We can solve this problem in two different ways. The first way is to sort the two strings and compare them. If they are equal, they are anagrams; otherwise they are not. The intuition behind this is by sorting the letters in the string, it forms a unique pattern. All anagrams must transform to this unique pattern when they are sorted.
For example when we sort the letters in the string ‘listen’ or ‘silent’ it becomes
‘eilnst’
Here is the Java function which implements the first method. Here I have used separate strings to hold the sorted sequence so that the original strings are not modified. If the original strings can be modified, we can avoid using the extra String variables.
public static boolean areAnagrams(String strFirst, String strSecond )
{
char [] charArray = strFirst.toCharArray();
Arrays.sort(charArray);
String strFirstSort = new String( charArray );
charArray = strSecond.toCharArray();
Arrays.sort(charArray);
String strSecondSort = new String( charArray );
return strFirstSort.equals(strSecondSort);
}
Method#2:
The second method is to count the letters in both the strings and match the counts. If the letter count of both the strings is same, then we can conclude that they are anagrams.
In the following Java implementation we do not count the frequencies of letters in both the strings, but we calculate the counts for just one string.

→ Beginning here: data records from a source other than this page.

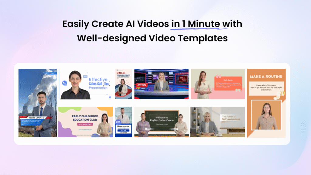 1. Customizable Video Templates: Vidnoz AI offers 2800+ video templates, allowing L&D teams to create various types of training videos at a fraction of the time of traditional production. With the help of this tool, users can produce videos such as how-to guides, training, educational, tutorials, product demos, and more. Further, users can also create custom templates from scratch.
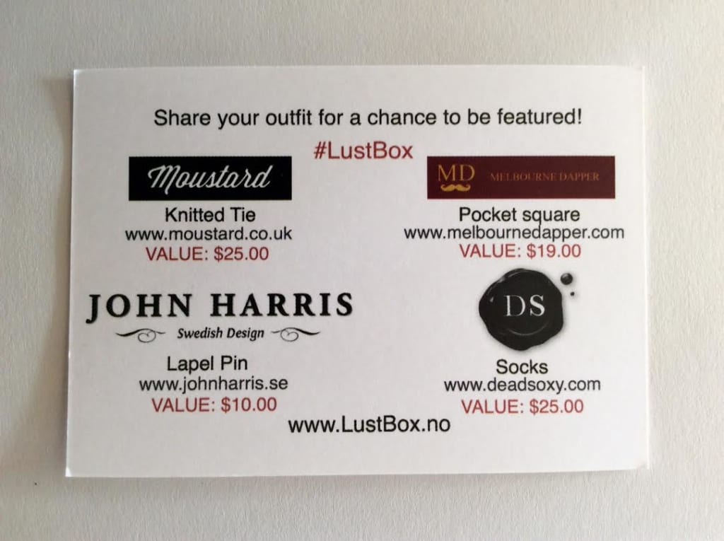 Each Lustbox comes with an information card describing each item, where to purchase it and the retail price.
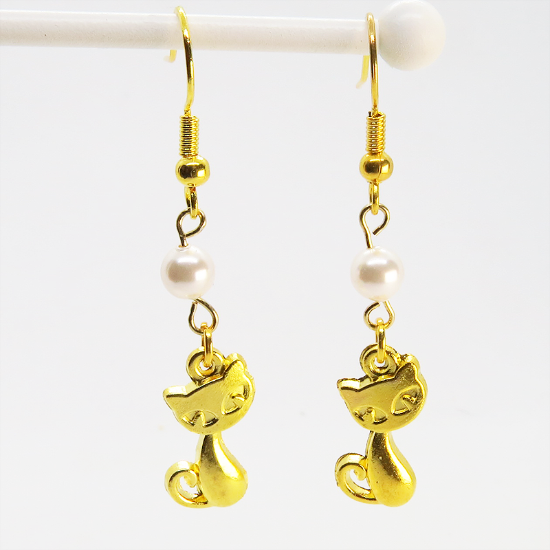 ゴールドカラーの猫モチーフとスワロフスキーパール(クリスタルホワイト)の大人可愛いピアスです
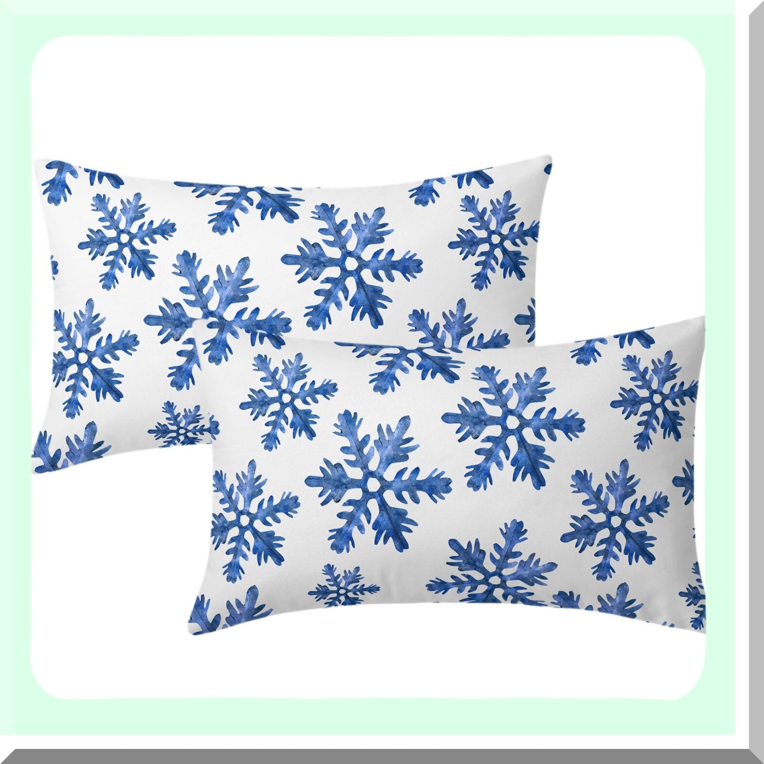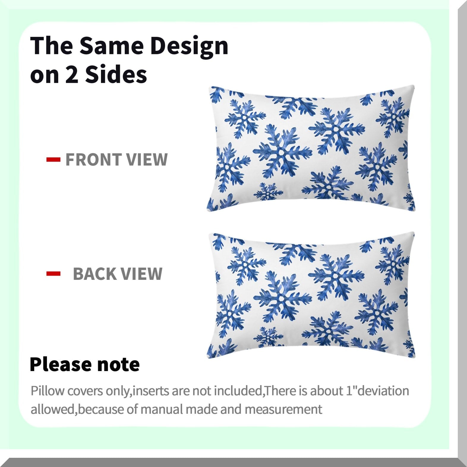 Winter Wonderland Snowflake Lumbar Pillow Covers - Set of 2 | Crystal White Xmas Holiday Pillowcases | Rustic Cushion Cases for Couch Sofa | 12X20 Inch

public static boolean areAnagrams(String strFirst, String strSecond )
{
//Assume ASCII charset of size 256 alphabets
int[] charCount = new int[256];
getCharCount(strFirst,charCount);
for( int i = 0; i < strSecond.length(); i++ )
{
char ch = strSecond.charAt(i);
// If count of ch is more in second string, return false
if( charCount[ch] <= 0 )
return false;
else
charCount[ch]--;
}
for( int i = 0; i < 256; i++ )
{
if( charCount[i] > 0 )
return false;
}
return true;
}
public static void getCharCount(String strInput, int[] charCount)
{
for( int i = 0; i < strInput.length(); i++ )
{
charCount[ strInput.charAt(i)]++;
}
}
Then we iterate through the characters of the second string, we try to decrement the frequency of each character. If we found a zero, that means that particular character has appeared more number of times in the second string, then we can say that they are not anagrams. Otherwise we decrement the count of that character.
Finally we check the count array if they have any non-zero entries. If they are anagrams, we have all zero entries in count array.
Note: We have considered the space also as a significant character in the above programs. So ‘school master’ can not be anagram of ‘the classroom’ even though they contain same letters. Also the input strings are case-sensitive.